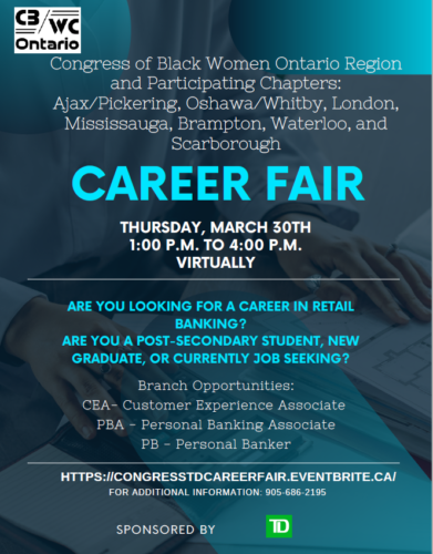 Congress of Black Women Ontario Region, in partnership with TD, invite you to understand the steps for a career in the banking industry! Join us for an information session and learn how you too can become a dynamic member of the TD team. College and University students, young graduates and anyone looking for a job in banking…come on out!
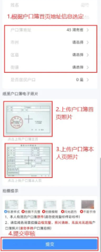 11.上传户口簿首页(含住址信息)和本人户口页电子图片,并选定好户口簿住址信息(选定到街道乡镇一级)
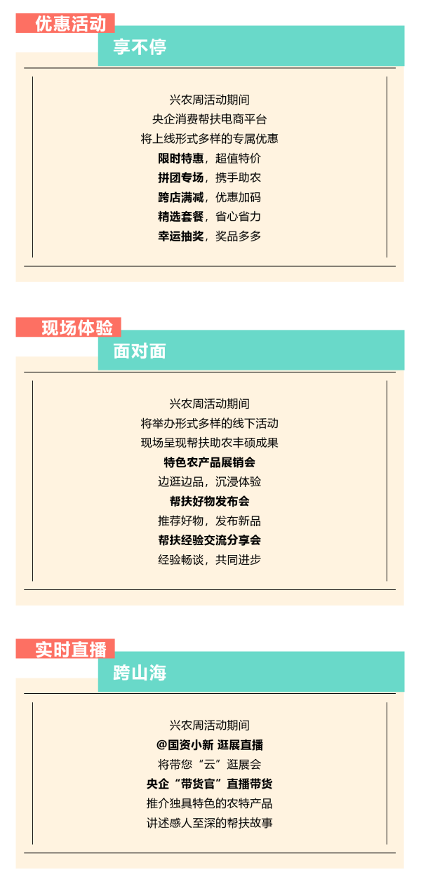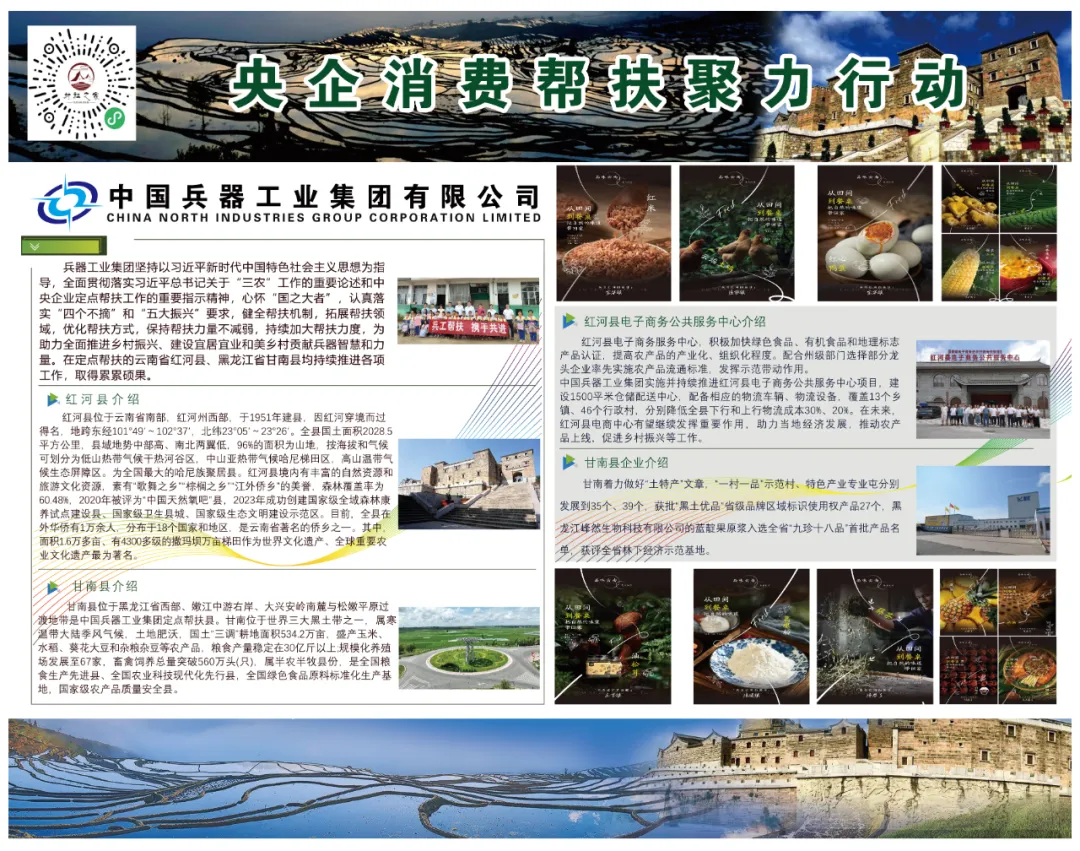 百家央企聚合力 消費幫扶促振興 第三屆“央企消費幫扶興農(nóng)周” 預(yù)售已啟動 8月30日 興農(nóng)周活動將正式開啟 “央企消費幫扶興農(nóng)周”由國務(wù)院國資委社會責(zé)任局指導(dǎo),央企消費幫扶電商平臺(國網(wǎng)數(shù)字科技控股有限公司)主辦,國務(wù)院國資委機關(guān)服務(wù)管理局、國務(wù)院國資委新聞中心、國網(wǎng)北京市電力公司、各中央企業(yè)電商平臺聯(lián)合協(xié)辦。 活動以“央企攜手,興農(nóng)惠民”為主題,組織動員中央企業(yè)所屬各單位各部門(特別是工會、食堂)、廣大干部職工、上下游供應(yīng)商和業(yè)務(wù)合作伙伴采購幫扶縣的優(yōu)質(zhì)農(nóng)產(chǎn)品,促進(jìn)脫貧地區(qū)產(chǎn)業(yè)發(fā)展和脫貧群眾穩(wěn)定增收,鞏固拓展脫貧攻堅成果。 預(yù)售活動火熱開啟 為方便大家提前選購 此次預(yù)售期升級為10天 (8月20日-8月29日) 誠邀下單 兵器工業(yè)集團(tuán)定點幫扶 黑龍江甘南縣、云南紅河縣 農(nóng)特產(chǎn)品! 8月30日-9月5日 請鎖定“央企館-兵器工業(yè)集團(tuán)” 我們一起共譜鄉(xiāng)村振興新篇章! |
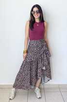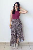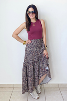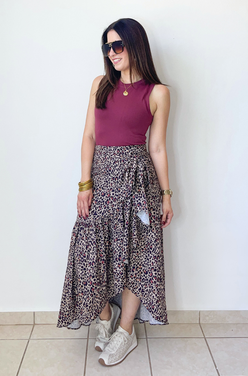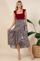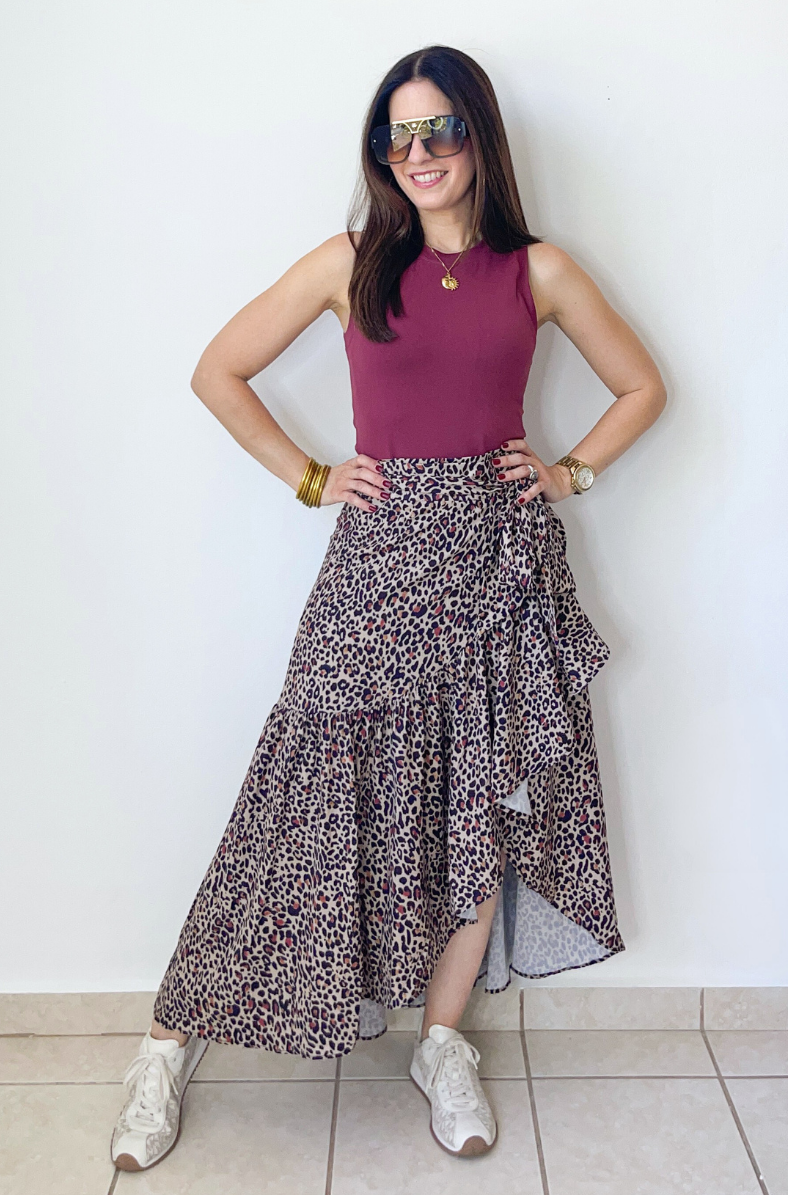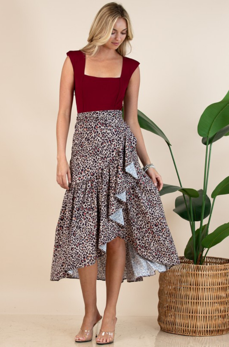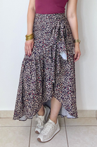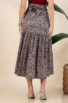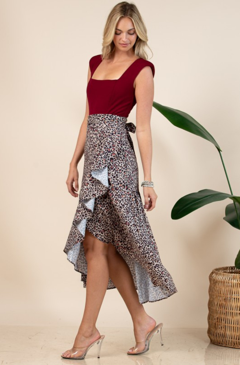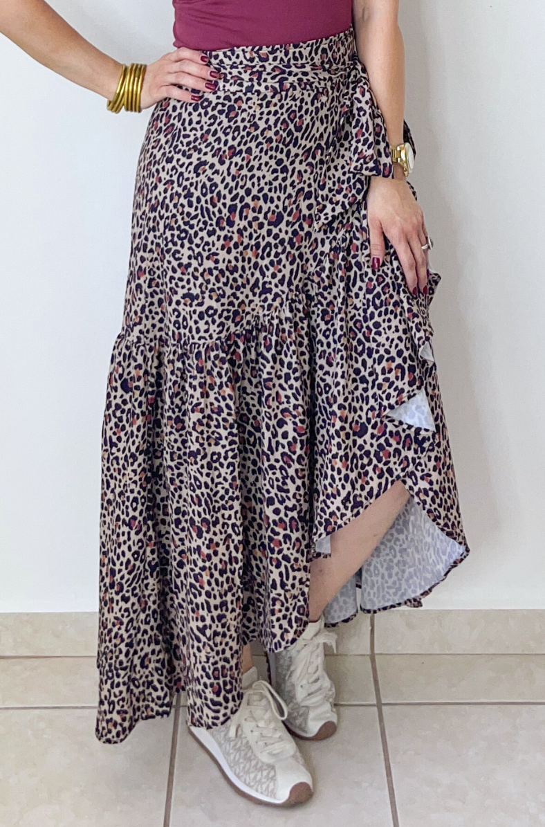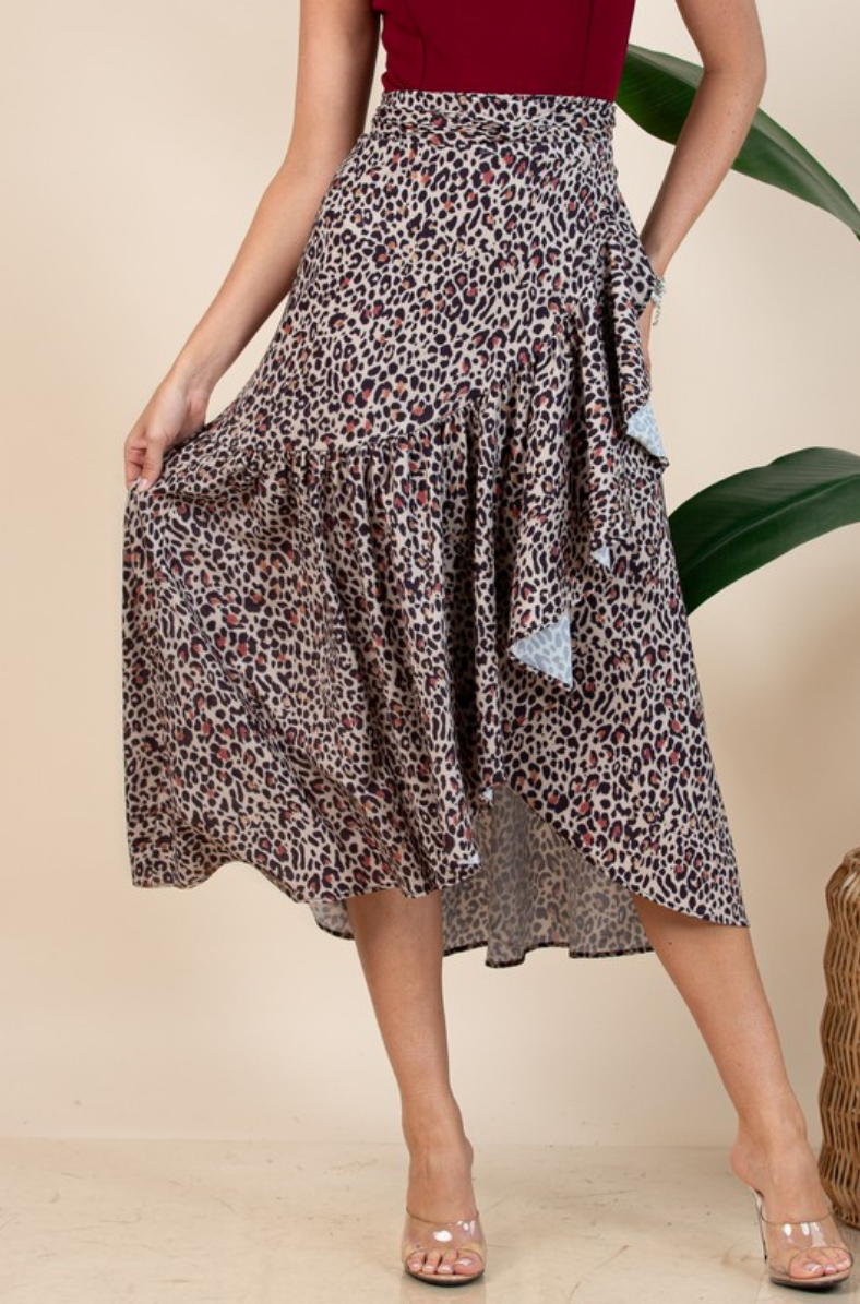 The Wrap Around Bold Animal Print Midi Skirt makes a confident statement with its fluid silhouette and eye-catching print. Designed with a flattering wrap waist that ties elegantly around, it drapes effortlessly for a feminine yet modern look. Pair it with a sleek top and heels for a night out or with sneakers for a chic daytime twist.  This midi skirt features wrap around style and whimsical ruffles.
========================================
About this exercise.
Write out the data precisely as given, excluding the pictures.

Answer space.
 Congress of Black Women Ontario Region, in partnership with TD, invite you to understand the steps for a career in the banking industry! Join us for an information session and learn how you too can become a dynamic member of the TD team. College and University students, young graduates and anyone looking for a job in banking…come on out!
 11.上传户口簿首页(含住址信息)和本人户口页电子图片,并选定好户口簿住址信息(选定到街道乡镇一级)
 百家央企聚合力 消費幫扶促振興 第三屆“央企消費幫扶興農(nóng)周” 預(yù)售已啟動 8月30日 興農(nóng)周活動將正式開啟 “央企消費幫扶興農(nóng)周”由國務(wù)院國資委社會責(zé)任局指導(dǎo),央企消費幫扶電商平臺(國網(wǎng)數(shù)字科技控股有限公司)主辦,國務(wù)院國資委機關(guān)服務(wù)管理局、國務(wù)院國資委新聞中心、國網(wǎng)北京市電力公司、各中央企業(yè)電商平臺聯(lián)合協(xié)辦。 活動以“央企攜手,興農(nóng)惠民”為主題,組織動員中央企業(yè)所屬各單位各部門(特別是工會、食堂)、廣大干部職工、上下游供應(yīng)商和業(yè)務(wù)合作伙伴采購幫扶縣的優(yōu)質(zhì)農(nóng)產(chǎn)品,促進(jìn)脫貧地區(qū)產(chǎn)業(yè)發(fā)展和脫貧群眾穩(wěn)定增收,鞏固拓展脫貧攻堅成果。 預(yù)售活動火熱開啟 為方便大家提前選購 此次預(yù)售期升級為10天 (8月20日-8月29日) 誠邀下單 兵器工業(yè)集團(tuán)定點幫扶 黑龍江甘南縣、云南紅河縣 農(nóng)特產(chǎn)品! 8月30日-9月5日 請鎖定“央企館-兵器工業(yè)集團(tuán)” 我們一起共譜鄉(xiāng)村振興新篇章! |
 The Wrap Around Bold Animal Print Midi Skirt makes a confident statement with its fluid silhouette and eye-catching print. Designed with a flattering wrap waist that ties elegantly around, it drapes effortlessly for a feminine yet modern look. Pair it with a sleek top and heels for a night out or with sneakers for a chic daytime twist.  This midi skirt features wrap around style and whimsical ruffles.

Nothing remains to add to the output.